Соседями Гриши были москвичи Максим Демидов и Андрей Муравьев. Они тоже отсиживали последние месяцы своего срока, да еще ждали назначения суда по условно-досрочному освобождению. Муравей сидел по наркоманской статье три года и постоянно грустил. Он реально боялся выходить на свободу, потому что был абсолютно неуверенным в себе человеком. За годы в изоляции он сумел слезть с героина, на котором плотно сидел на воле, и был чистым. Освободившись, боялся снова подсесть на дурь и окончательно сторчаться. Теперь, когда срок наказания подходил к концу, эти переживания усиливались, загоняя его в конкретную депрессуху.

Максим же, наоборот, был очень позитивным мужиком и старался во всем видеть положительные моменты.
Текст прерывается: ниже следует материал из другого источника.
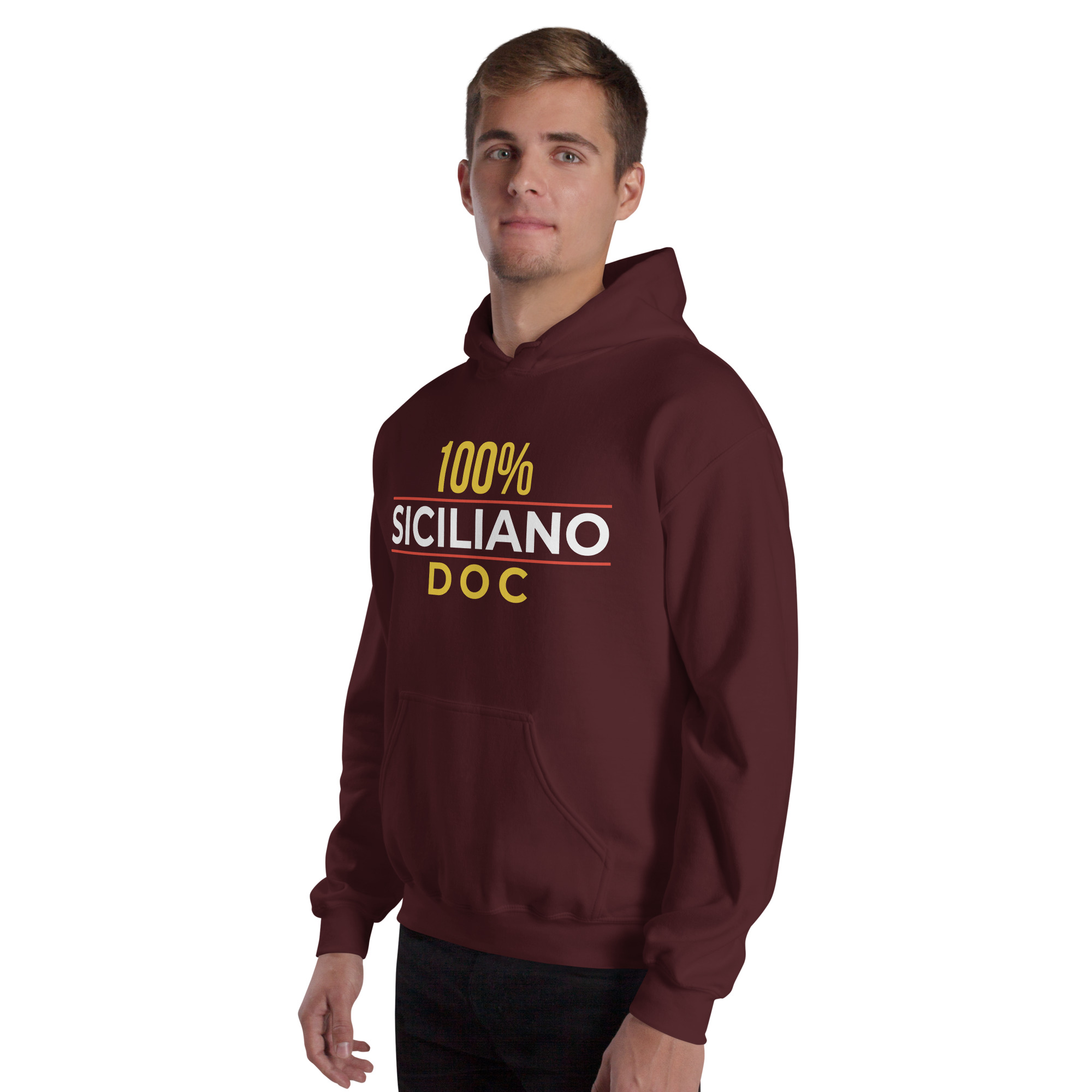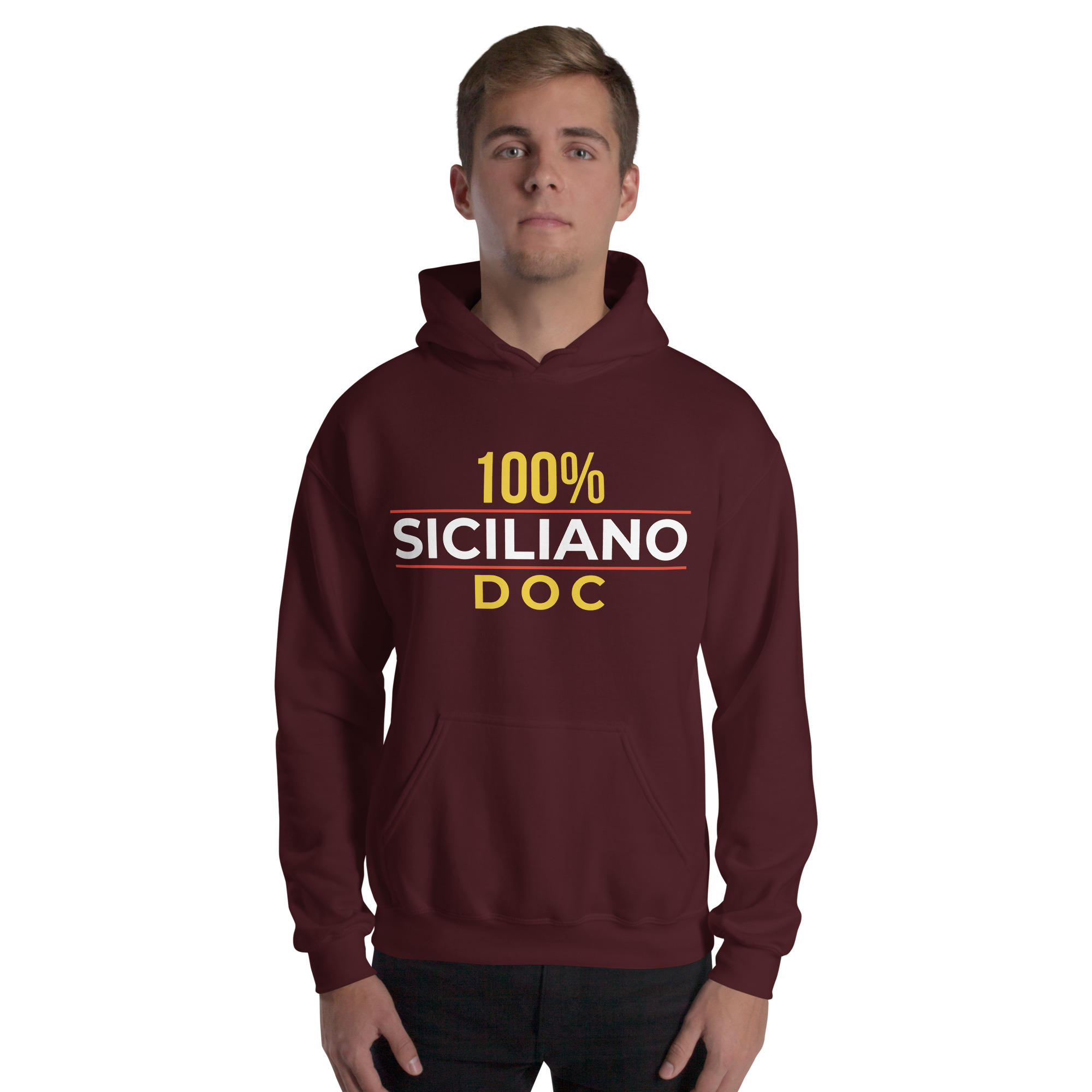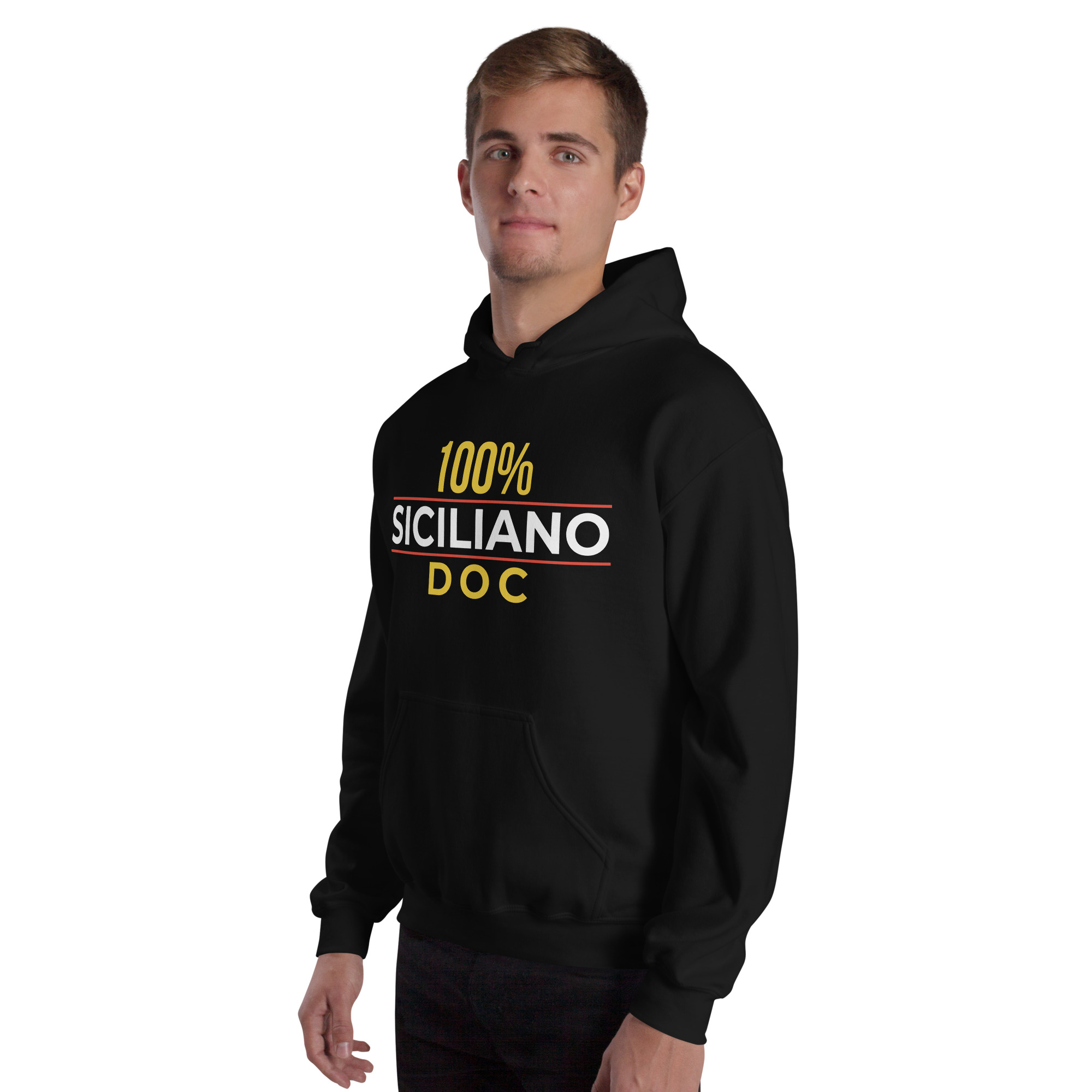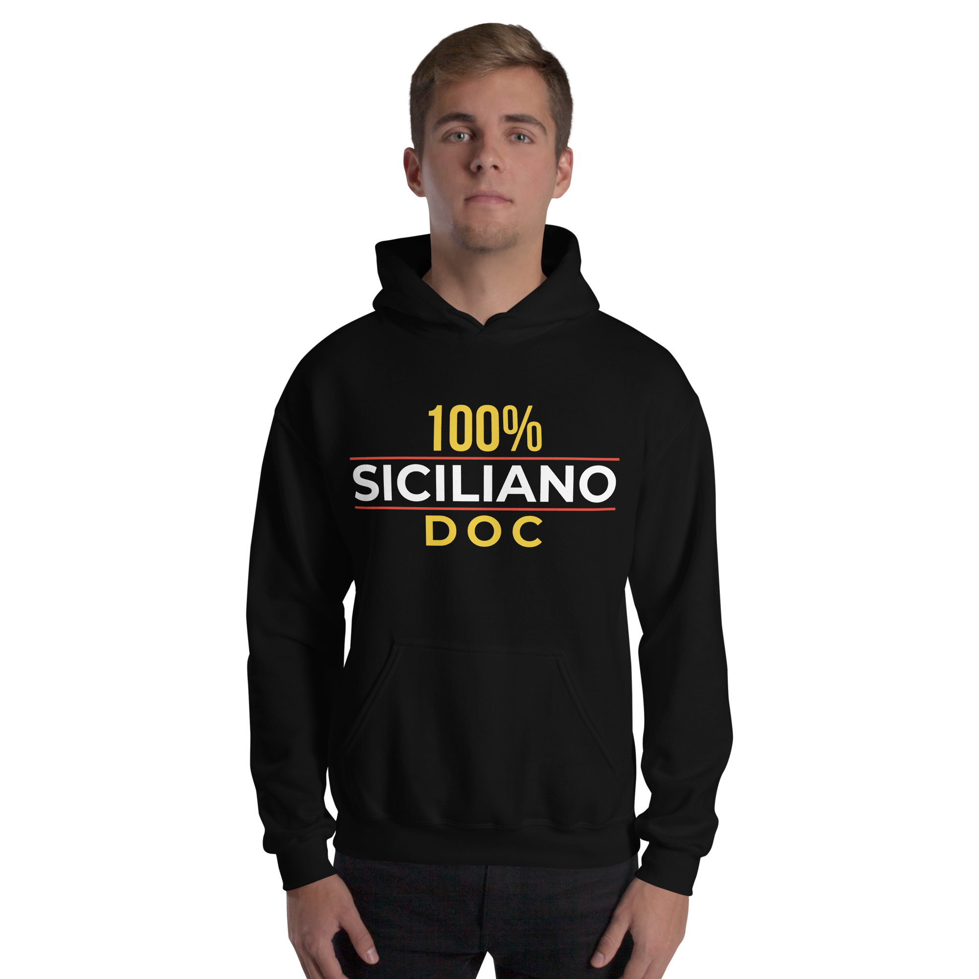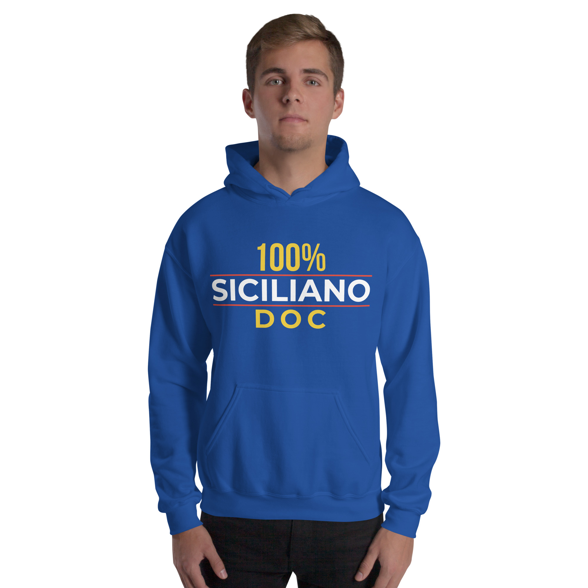 Sul petto, al centro esatto, la scritta “100% Siciliano DOC”.

В прошлом он тоже наркоманом, но не дошел до стадии героина и в основном баловался гашишем. Сидел он, правда, за воровство по статье 158. Они вместе с женой обнесли шмоточный магазин в торговом центре Москвы и вытащили на себе дорогую мужскую и женскую одежду для дальнейшей перепродажи, чтобы на вырученные средства купить очередную дозу. Максиму дали два года и семь месяцев, его жене – три года. На вопрос судьи «Понятен ли приговор?» он ответил отрицательно и поинтересовался, почему же супруге дали больше. И получил ответ, что при аналогичном преступлении женщина всегда должна получать более жесткое наказание, дабы запомнить урок на всю оставшуюся жизнь.